Olí a Johnnie Red en su aliento y le di un buen directo en la mandíbula. Dulange se derrumbó igual que una tonelada de ladrillos; la mano derecha me latía con fuerza. La expresión de Russ Millard me recordó a la de Jesús preparándose a reñir a los paganos.

—No seas tan condenadamente educado —dije—. No te hagas el jodido santo.

21

—He convocado esta pequeña reunión por varias razones, Bucky —dijo Ellis Loew—. Una, disculparme por haberme apresurado a cargarle el mochuelo a Dulange. Me precipité al hablar con mis contactos de los periódicos y tú has salido perdiendo por eso. Mis disculpas.

Miré a Loew y a Fritz Vogel, que se hallaba sentado a su lado. La «pequeña reunión» tenía lugar en la sala de Fritzie; los dos días de titulares sobre Dulange me habían retratado como un policía demasiado ansioso por lograr resultados, que había perseguido una pista equivocada, pero nada más.

—¿Qué quiere, señor Loew?

—Llámame Ellis —repuso Loew.

Con eso lograba establecer un nuevo fondo en el Departamento de sutilezas, superando incluso a los cócteles y el cuenco de galletitas saladas que la
hausfrau
de Fritzie había servido como tentempié. Yo tenía que encontrarme con Madeleine al cabo de una hora y confraternizar con mi jefe fuera del trabajo era lo último que deseaba en el mundo.

—De acuerdo, Ellis —dije.

Loew se erizó visiblemente ante mi tono de voz.

—Bucky, en el pasado hemos tenido muchos desacuerdos. Puede que ahora mismo estemos a punto de tener otro. Pero creo que en unas cuantas cosas sí estamos de acuerdo. A los dos nos gustaría ver cerrado el caso Short y volver al trabajo normal. Tú quieres regresar a la Criminal y yo, por mucho que me guste la idea de acusar al asesino, he visto cómo mi parte en la investigación se iba haciendo incontrolable y ha llegado el momento de que vuelva a mis viejos casos.
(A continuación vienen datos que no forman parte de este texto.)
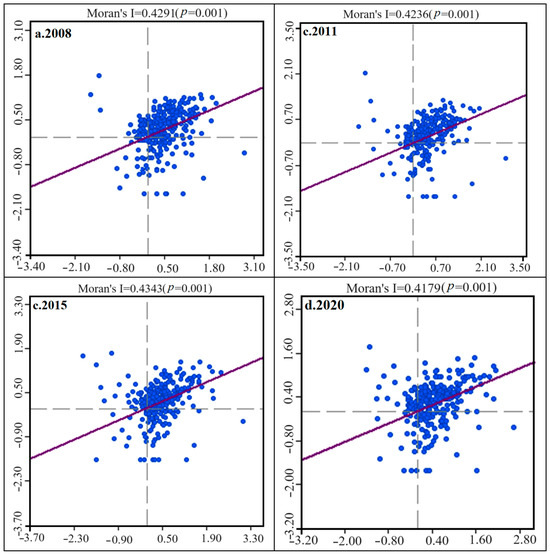 Based on the GeoDa1.14 analysis software and global Moran’s I, this study explores the spatial autocorrelation characteristics of urban LGUE from 2008 to 2020 (Figure 6). During the study period, the global Moran’s I of LGUE fluctuated between 0.4179~0.4343 (p = 0.001), indicating that LGUE has strong spatial dependence characteristics. On the one hand, the geographical environment, topography, and other natural conditions of geographically adjacent cities are relatively similar, resulting in their land types and land quality being basically the same. On the other hand, cities with similar economies and industries have relatively consistent land use structures and intensity, resulting in LGUE having strong spatial autocorrelation characteristics. Therefore, only by continuously narrowing the gap in economic and industrial development and promoting the free flow of factors can we accelerate the spatial connection between cities of different levels and promote the efficient and coordinated development of LGUE.
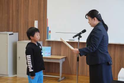 前期終業式にて、表彰されました。文詩集「ひまわり」生活文と読書感想文コンクールで、それぞれ特選を受賞しました。堂々とした立派な態度で受賞しました。
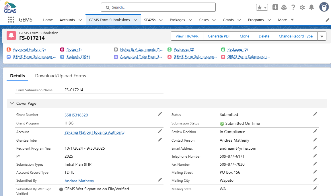 GEMS is a Salesforce based application that automates much of the process for completing and submitting IHPs/APRs, IHP Amendments, IHP Waivers, and Tribal Certifications.
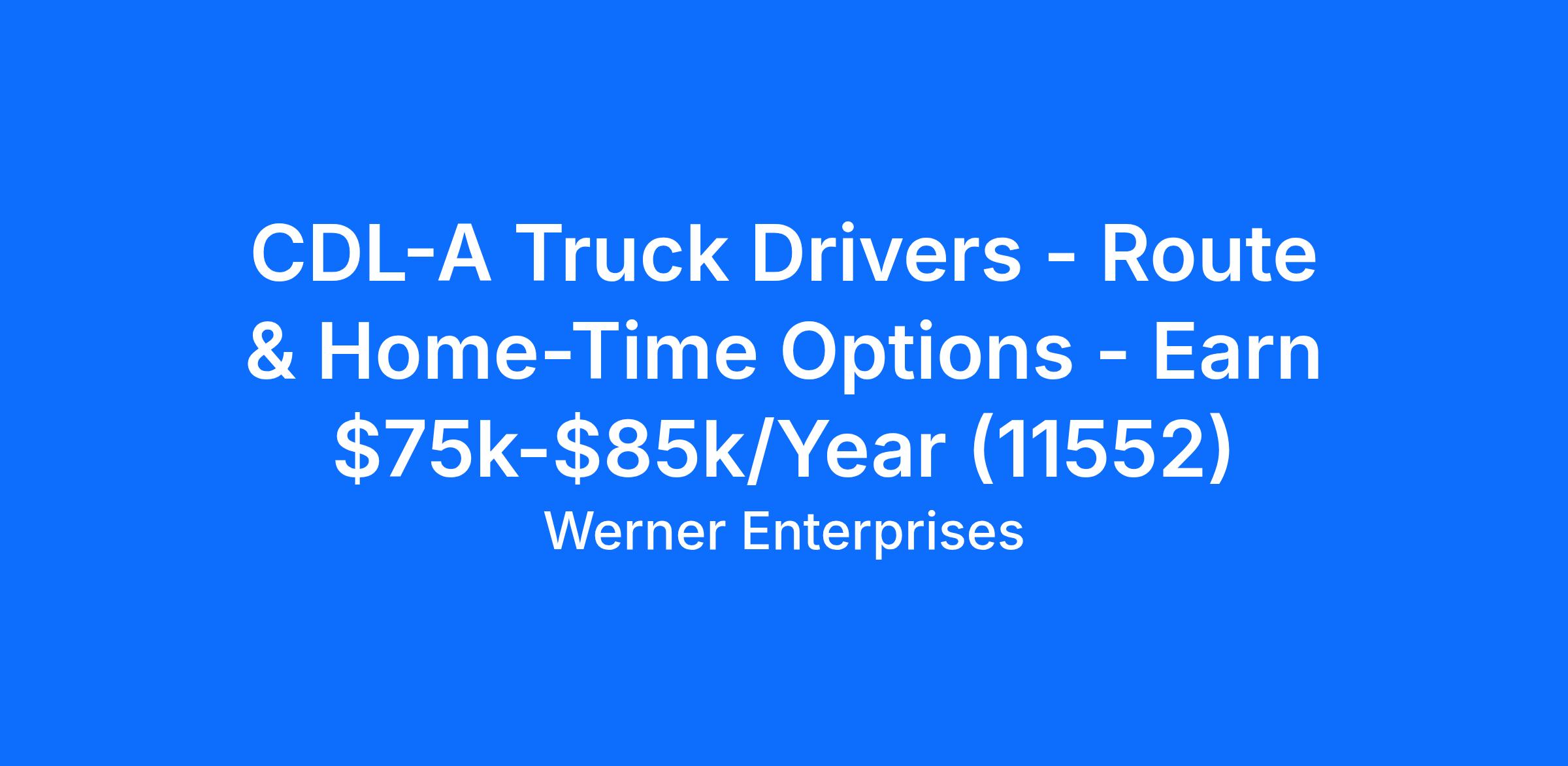 CDL-A Truck Drivers - Route & Home-Time Options - Earn $75k-$85k/Year (11552)

Me sentí igual que un viejo jugador de cartas con una mano imbatible.

—¿Qué quieres, Ellis?

—Que vuelvas mañana a la Criminal y hagamos una última intentona con el caso Short antes de volver a mis viejos asuntos pendientes. Bucky, los dos somos tipos destinados a triunfar. Fritzie te quiere como compañero en cuanto consiga ser teniente y...

—Russ Millard me quiere tener en cuanto Harry Sears se jubile.

Fritzie se tomó un buen trago de su cóctel.

—Eres demasiado tosco para él, chico. Le ha comentado a unos cuantos que no puedes controlar tu temperamento. El viejo Russ es una hermanita de la caridad y yo soy mucho más de tu tipo.

No estaba mal como carta; pensé en la mirada de disgusto que me había soltado Russ después de que yo dejara frío a Joe Dulange.

—¿Qué quieres, Ellis?

—Muy bien, Dwight, te lo diré. En las celdas del ayuntamiento siguen cuatro tipos que han confesado. No tienen coartadas para los días perdidos de Betty Short, no se mostraron coherentes cuando les interrogaron por primera vez y todos son lunáticos violentos de los que sueltan espuma por la boca. Quiero que vuelvan a ser interrogados, con lo que podrías llamar «el equipo adecuado». Es un trabajo que requiere músculos. Fritzie había elegido a Bill Koenig para él, pero Bill está un poco demasiado enamorado de la violencia, por eso te he escogido a ti. Bien, Dwight, ¿sí o no? ¿Volver a la Criminal o trabajar removiendo mierda en Homicidios hasta que Russ Millard se canse de ti? Millard es un hombre paciente y con un montón de aguante, Dwight. Podría pasar un tiempo muy largo.

Mi gran mano ganadora se había esfumado.

—Sí.

Loew irradiaba felicidad.

—Ve a la cárcel ahora. El encargado nocturno ha expedido órdenes de traslado para los cuatro hombres. Hay una camioneta en el aparcamiento del turno de noche con las llaves bajo la alfombrilla. Lleva a los sospechosos al 1701 de Alameda Sur, donde Fritzie te estará esperando. Bienvenido una vez más a la Criminal, Dwight.

Me puse en pie. Loew cogió una galletita del cuenco y la mordisqueó con gesto delicado; Fritzie apuró su copa con mano temblorosa.